In the last two decades, the ways in which news industries work have undergone a massive change. Where previously consumers were limited to what newspapers and various local news organizations provided, with the introduction of the Internet to the equation anyone can now take ‘news’ into their own hands. Thus the creation of what I believe is ‘new media’ — where the ‘old’ media was defined as being a means of mass communication from producers to consumers such as television and radio, new media is interactive content that is produced and responded to by the consumers themselves, usually straight from the source. This leaves out the middleman that is the news organization, and explains parts of the fall in popularity of newspapers. Because of this, the journalistic code of ethics should be applied to both professional journalists and citizen journalists, as having a code of ethics that is only applied to professional journalists and leaves out a good portion of other sources that consumers get news from is an exercise in futility. The following guidelines to ethical reporting are only the very basics, and far from encompass all the possible situations that could happen while reporting.

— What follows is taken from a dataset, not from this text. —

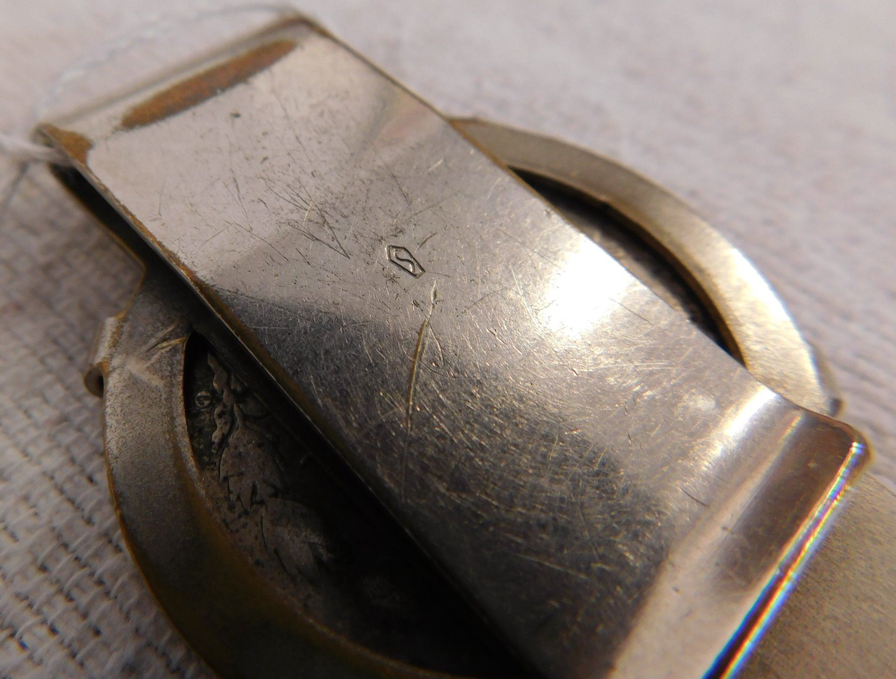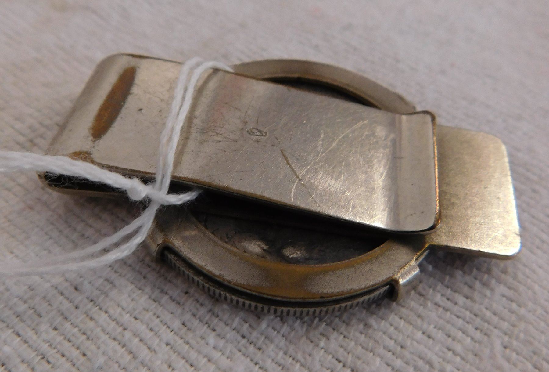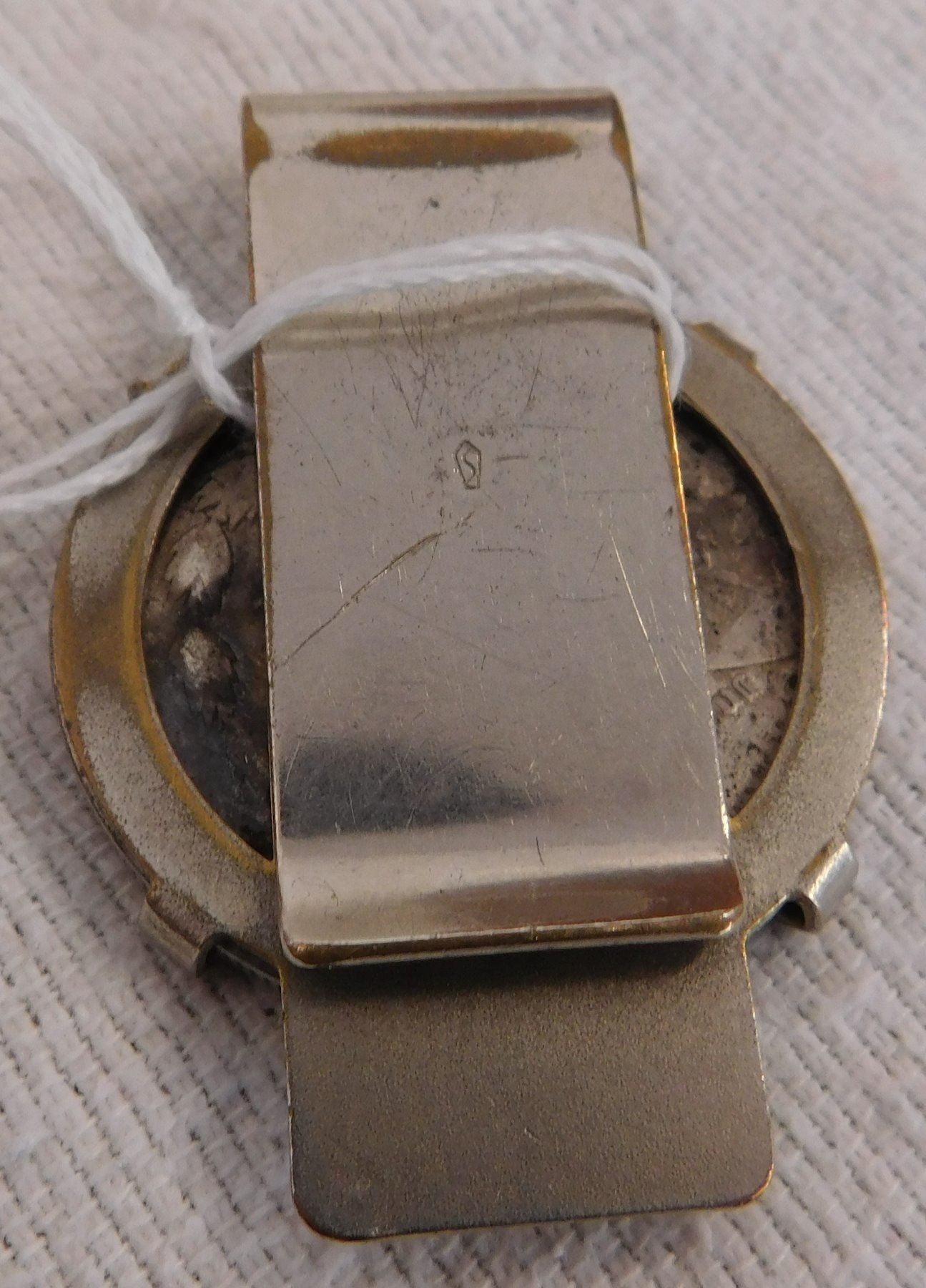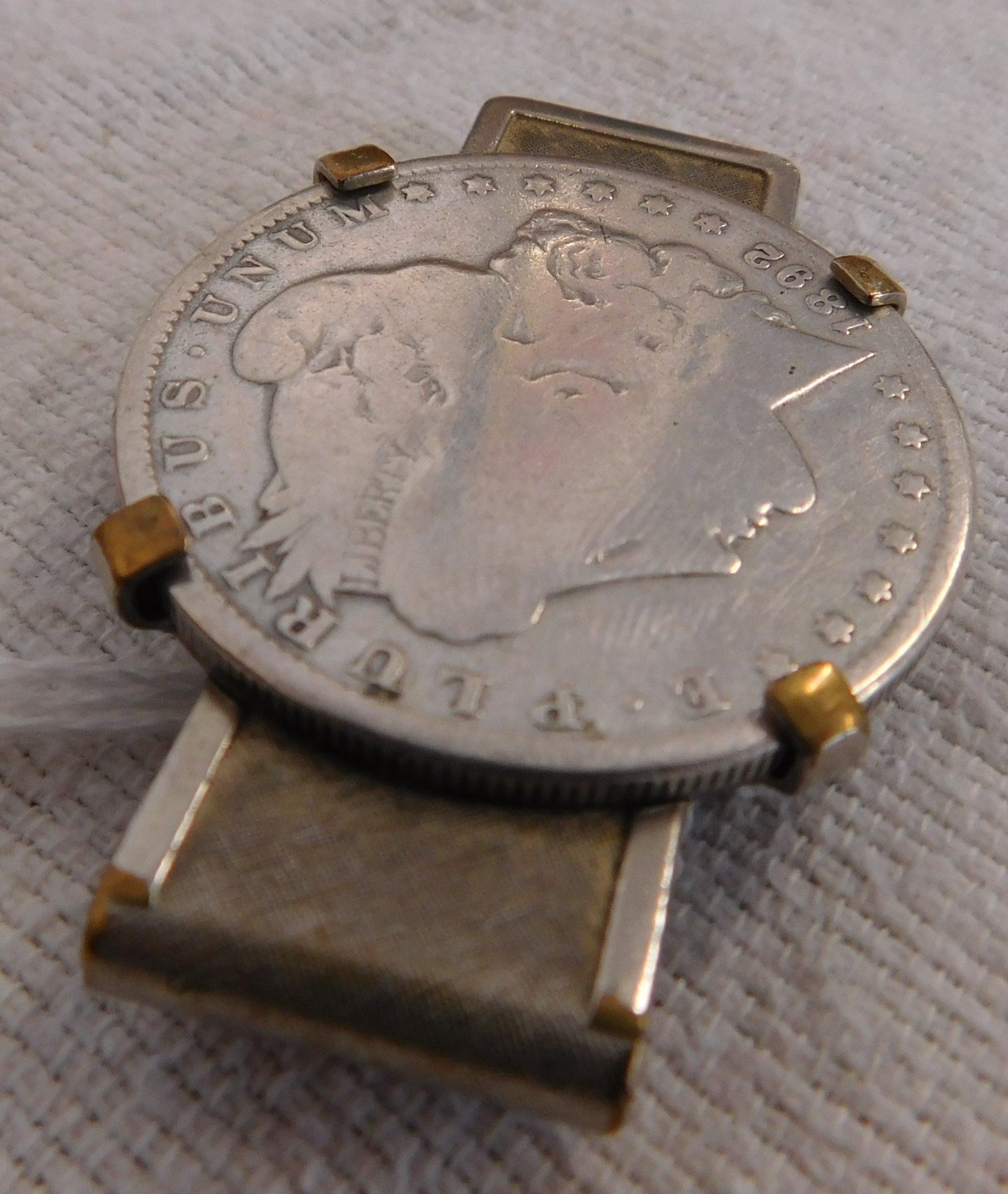 Morgan Silver Dollar Money Clip, coin is marked 1882. Made of coin silver and metal clip, the item measures 1 1/2" x 2 1/2". USA. Good Morgan silver dollar. Condition: Worn, see images. Shipping: $12.50 w/insurance and signature.

Journalists should have a responsibility to the accuracy of their work, including context, sources and the report itself. They should never knowingly include false information or report in a way that intentionally misleads the viewers. All content should undergo fact checking before being published — this leads to the next point, which is that of sources. Sources should not include those that are open to the public for editing, unless the reporter is searching for the opinion of the general public and makes explicitly clear that the information that they gain from this is from this sort of source. This is the importance of context — making a news report holds the underlying implication that all included is truth, and if not made clear then the audience may mistake speculation as the fact of the matter. Thus, context must be provided in all circumstances — to provide another example, when the journalist is unsure of their information they should leave it out of the report or make it clear that they don’t have solid facts on that particular matter. The sources themselves should be open to the public so that the audience themselves can judge the reliability and accuracy of the source — unless there are special situations such as anonymous sources, whom should be avoided as much as possible unless they face possible negative consequences or have exclusive information.


Journalists should never let anyone or anything affect the truth of their report, nor should they allow themselves to be censored purely so that certain parties can gain from it. Censorship is only acceptable in circumstances where spreading the information could cause harm to others — for example, an unproved bomb threat, which could cause mass panic amongst the public. Journalists should not allow sponsors or people that fund them to have an influence on their reporting in any way, nor should they involve themselves personally in circumstances that could affect their capacity to report in an unbiased manner. Facts and opinions should always be clearly differentiated between, and the report should be checked so that the personal views of the journalist are not skewing the facts of the matter. Opinionated language in general should be minimized because even though one may not think so, there are many subtle ways in which language can convey bias — for example, racism in America had been subtly reinforced by the reporters using negative language such as ‘thug’ in the case of black criminals and positive language such as ‘misguided youth’ in the case of white criminals. When reporting, both sides of a debate should have the opportunity to speak and represent themselves, regardless of whether the report is criticizing their crimes.


An important part of ethical journalism also lies in the ways in which information is gathered. Journalists should adhere to standards of openness and honesty when gathering information and interviewing sources — this includes identification of their news organization and the fact that this will likely be going into an article. In more sensitive situations, it would be prudent to gain informed consent from the interviewee, especially when there could be possible negative consequences to them as a result of their being interviewed. When sensitive situations are part of a journalist’s work, whether they are political or otherwise, sometimes subterfuge and deception is required in order to gain information that could potentially prevent a great deal of harm. When this happens, the circumstances through which the journalist gained the material must also be reported along with the content they gathered with complete transparency. And to re-iterate the obvious, local laws should always be followed when gathering information.

Furthermore, there is the problem as to whether one should report aspects of private lives. For public figures such as celebrities and politicians, disclosing material on their personal lives is expected and acceptable to a certain extent — however, journalists should keep in mind the wellbeing of their subjects and the fact that they are toeing a somewhat delicate line — i.e. not intruding into their homes. For those that lead private, normal lives however, one should not report on them unless they are related to an important case and the details of their life relate to that particular piece of news. Informed consent should be given, and special care must be taken around children and those that cannot really give consent.

Controversial material

To begin with, journalistic material absolutely should not contain hate speech from the journalist aimed at any group, regardless of race, gender or sexuality. When a journalist degrades into hate speech, what they write cannot truly considered the ‘truth’ anymore and can only be seen as another person airing out their personal views — it is not journalism, regardless of whether they are a professional or not. On the other hand, reporting on a hate speech isn’t inappropriate, although concerns have been brought up that it may be furthering the agenda of those who made the malicious speech. It is up to the journalist personally whether they wish to report such material, but a warning of the content before reading is recommended for the benefit of the audience. These warnings can also be applied in the case of other controversial material and things like gory photos, nudity, etc.


This is my personal view as to what should be part of the basics of an ethical code for journalism, and does not cover all situations.